That rivalry will always be there. But it's a rivalry that is subjective. There aren't really any results, or head-to-head competition, to go by when claiming a winner. When Ute fans say they're better at football than BYU, they only need to point to last year's result as relative proof of that claim. Not so with snow.
We can't definitively answer who has the best snow. So there isn't much contention there.
When it comes to sports, though, you're dealing with an entirely different animal.
Back in the ABA days, the Utah Stars and Denver Rockets/Nuggets vied for the Orbiter Trophy - a gaudy mass of wood with an airplane topping a basketball that was created in 1973.
Of course, that was a league that hardly took itself seriously. The rivalry between both franchises was more for show than anything to do with competition. In all reality, the Stars had stronger and more heated rivalries with the Kentucky Colonels and Indiana Pacers.
The Orbiter Trophy was artificial and back then, I'm assuming most Stars fans didn't really invest all that much into the so-called rivalry.
That's not to say artificial is bad. Real Salt Lake and the Colorado Rapids of the MLS essentially created the Rocky Mountain Cup from scratch. That began in 2005 when RSL joined the league and though neither club had any connection or history with the other, it didn't deter from the rivalry.

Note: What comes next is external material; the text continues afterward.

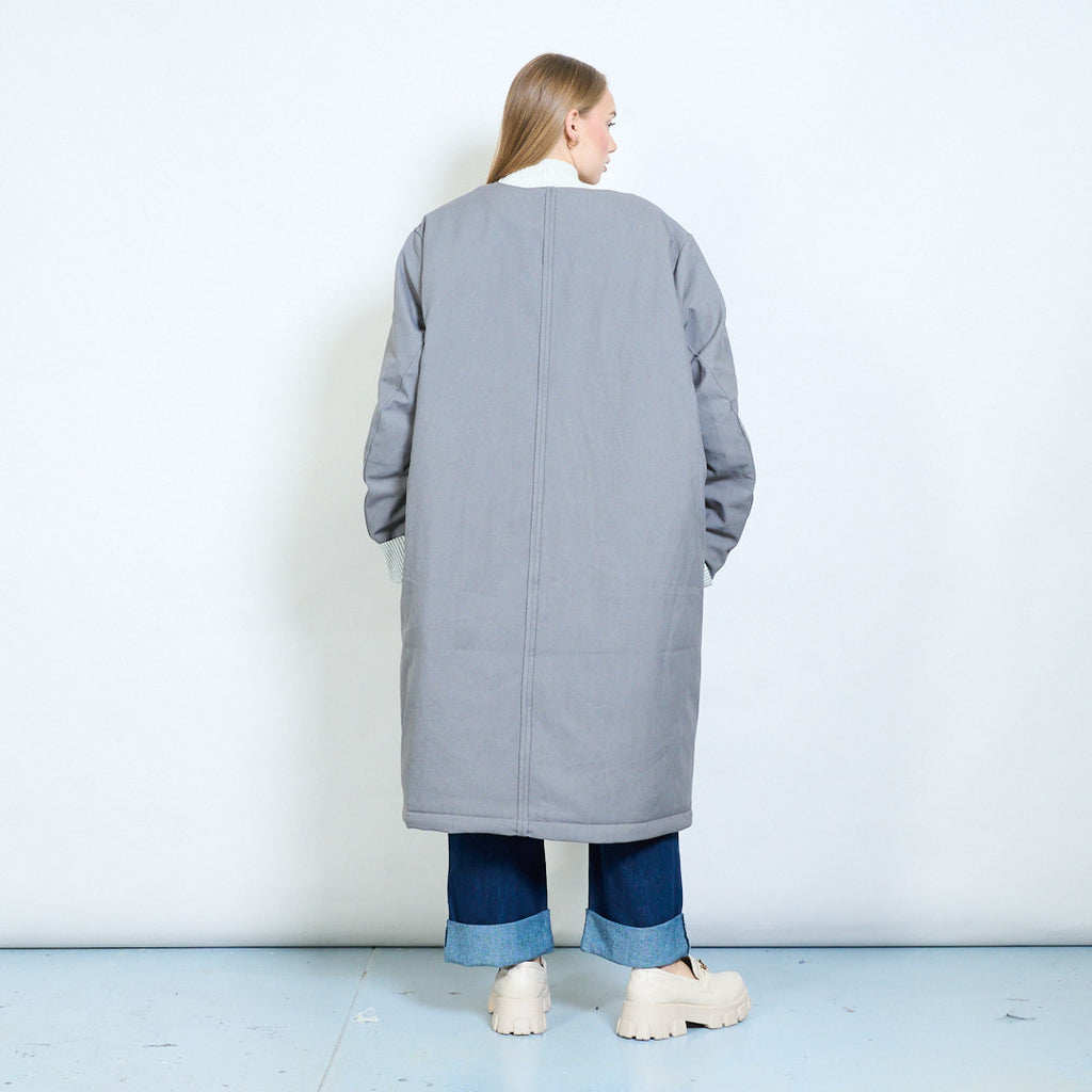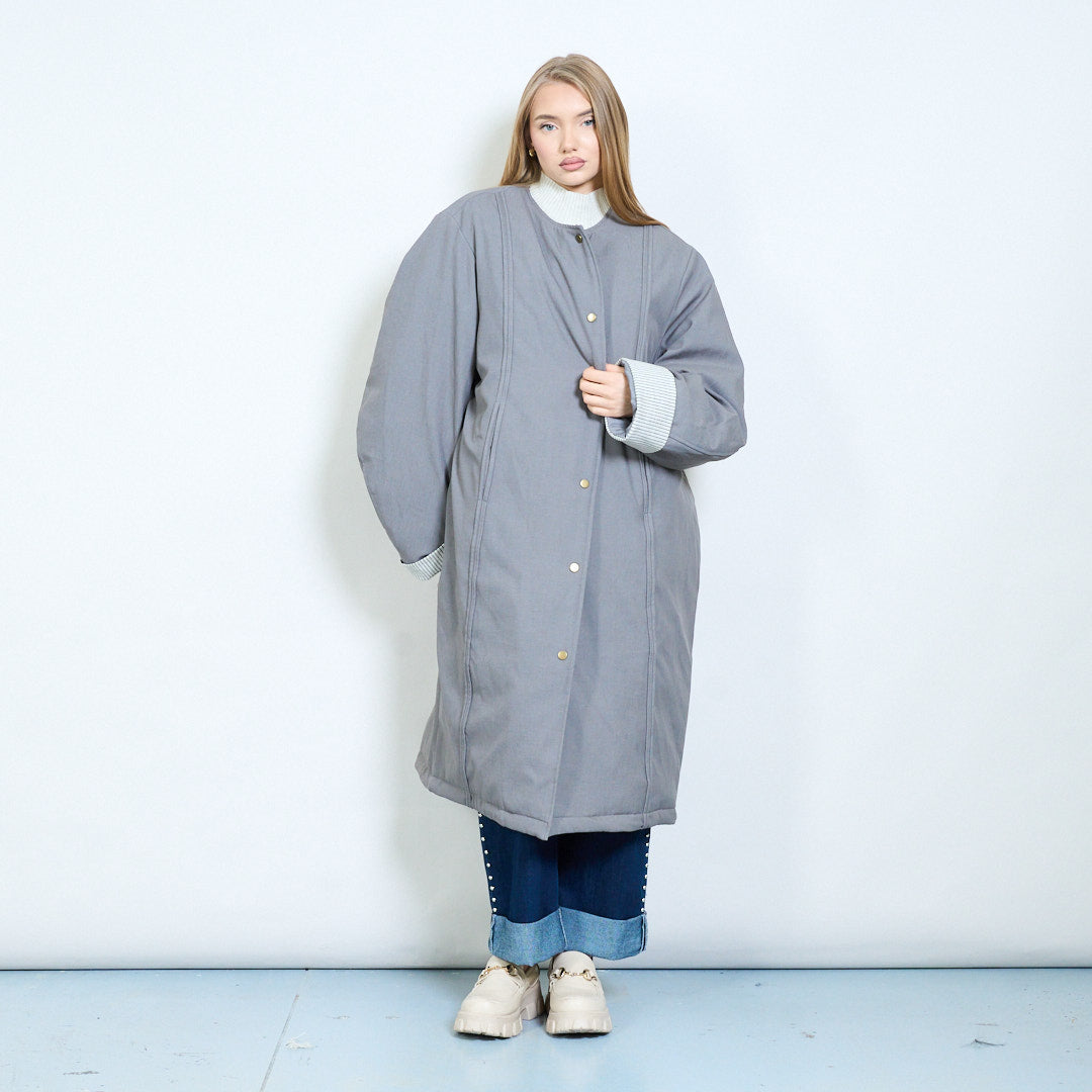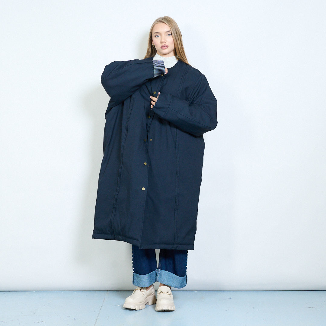 Minimalist button-front oversized duck down coat with striped cuff detail wholesale

Today, it's pretty darn successful and considered one of the best rivalries in Major League Soccer.
But will that work for college football? I'm not so sure. We're not talking about a clean slate for either program. Both Utah and Colorado have a laundry list of games, moments and history with other teams - specifically other rivals.
For the Buffaloes, much of their history is tied to their rivalry with Nebraska. They can point to certain moments over the years that defined their season. Like in 2001, when Colorado upset the Cornhuskers 62-36 to claim a spot in the Big 12 Championship. It also, at the time, appeared to end Nebraska's title hopes (though, for some ridiculous reason, they were selected for the BCS championship game - they lost).
Likewise, Ute fans can point to moments in their history that made a season. We have The Rice Bowl, 34-31, The Snow Bowl and Burton's Block. That's not artificial. That's a creation of a generation's worth of hate - a generation's worth of rivalry.
Blocking a field goal to win a game is significant, obviously, but doing it against your rival elevates that contest to legendary status. Utah beating Minnesota on a blocked field goal that was then returned for the winning score as time expired is a moment all but lost by time. Had that happened against BYU, though, and it's a story passed down from generation to generation.
A great deal of the time, rivalries are not a creation out of necessity. They're a creation of so much more. Close games. Contested moments - knowing your brother or sister is cheering for the other side.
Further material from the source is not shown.